About this task: Once you reach the line with "符興干為學(xué)校入伍學" below, copy each line exactly, stopping after the line with "Our Ready. Set.", and skip any pictures.

Material to process:
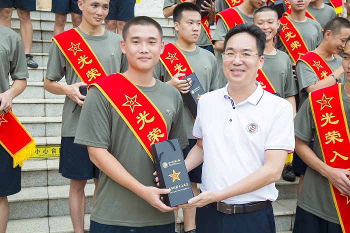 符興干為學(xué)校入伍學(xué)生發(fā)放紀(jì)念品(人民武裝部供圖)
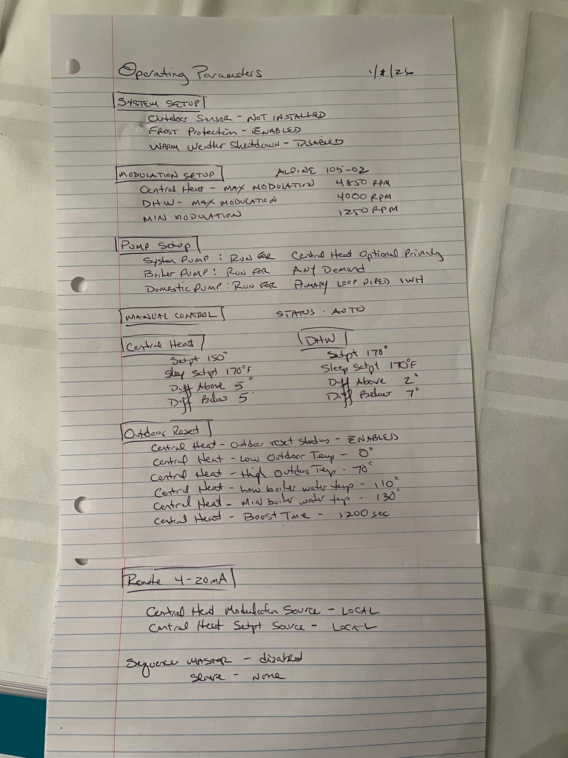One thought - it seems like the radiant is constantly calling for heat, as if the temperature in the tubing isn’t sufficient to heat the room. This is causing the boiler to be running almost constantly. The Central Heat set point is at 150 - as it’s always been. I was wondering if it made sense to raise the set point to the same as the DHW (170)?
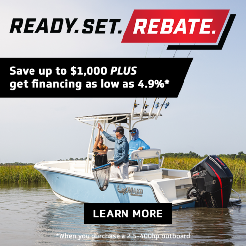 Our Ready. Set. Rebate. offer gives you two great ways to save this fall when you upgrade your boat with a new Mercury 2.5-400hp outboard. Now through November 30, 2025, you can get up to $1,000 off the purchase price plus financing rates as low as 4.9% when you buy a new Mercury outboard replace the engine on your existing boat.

--

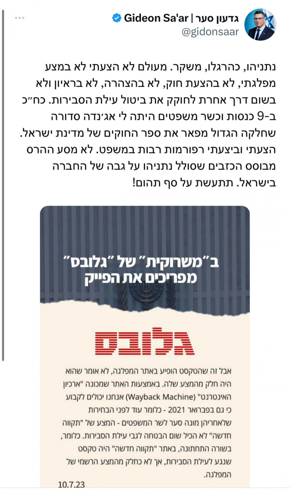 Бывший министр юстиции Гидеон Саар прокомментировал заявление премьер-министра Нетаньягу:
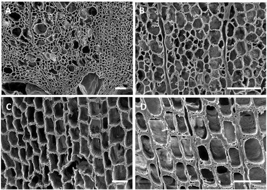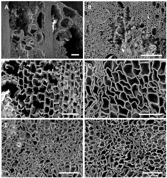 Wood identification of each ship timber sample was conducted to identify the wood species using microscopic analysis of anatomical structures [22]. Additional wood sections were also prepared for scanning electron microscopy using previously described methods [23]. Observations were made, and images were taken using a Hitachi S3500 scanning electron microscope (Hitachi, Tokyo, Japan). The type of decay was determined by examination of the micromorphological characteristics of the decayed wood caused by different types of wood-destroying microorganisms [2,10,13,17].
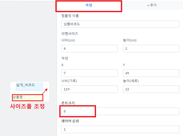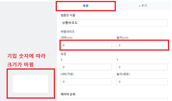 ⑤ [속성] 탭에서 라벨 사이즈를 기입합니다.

==

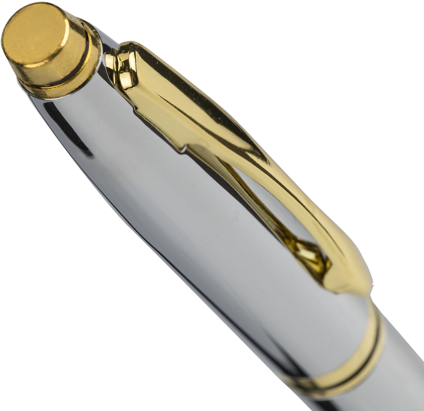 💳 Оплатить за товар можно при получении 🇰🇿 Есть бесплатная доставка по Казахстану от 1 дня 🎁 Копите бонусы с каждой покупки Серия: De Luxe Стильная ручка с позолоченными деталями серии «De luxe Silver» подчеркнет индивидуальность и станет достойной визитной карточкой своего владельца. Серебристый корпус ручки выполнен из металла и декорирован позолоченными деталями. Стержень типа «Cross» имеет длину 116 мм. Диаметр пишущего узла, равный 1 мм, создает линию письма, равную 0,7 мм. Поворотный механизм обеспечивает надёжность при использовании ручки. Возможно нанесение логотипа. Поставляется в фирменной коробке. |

Response area:
 符興干為學(xué)校入伍學(xué)生發(fā)放紀(jì)念品(人民武裝部供圖)
One thought - it seems like the radiant is constantly calling for heat, as if the temperature in the tubing isn’t sufficient to heat the room. This is causing the boiler to be running almost constantly. The Central Heat set point is at 150 - as it’s always been. I was wondering if it made sense to raise the set point to the same as the DHW (170)?
 Our Ready. Set. Rebate. offer gives you two great ways to save this fall when you upgrade your boat with a new Mercury 2.5-400hp outboard. Now through November 30, 2025, you can get up to $1,000 off the purchase price plus financing rates as low as 4.9% when you buy a new Mercury outboard replace the engine on your existing boat.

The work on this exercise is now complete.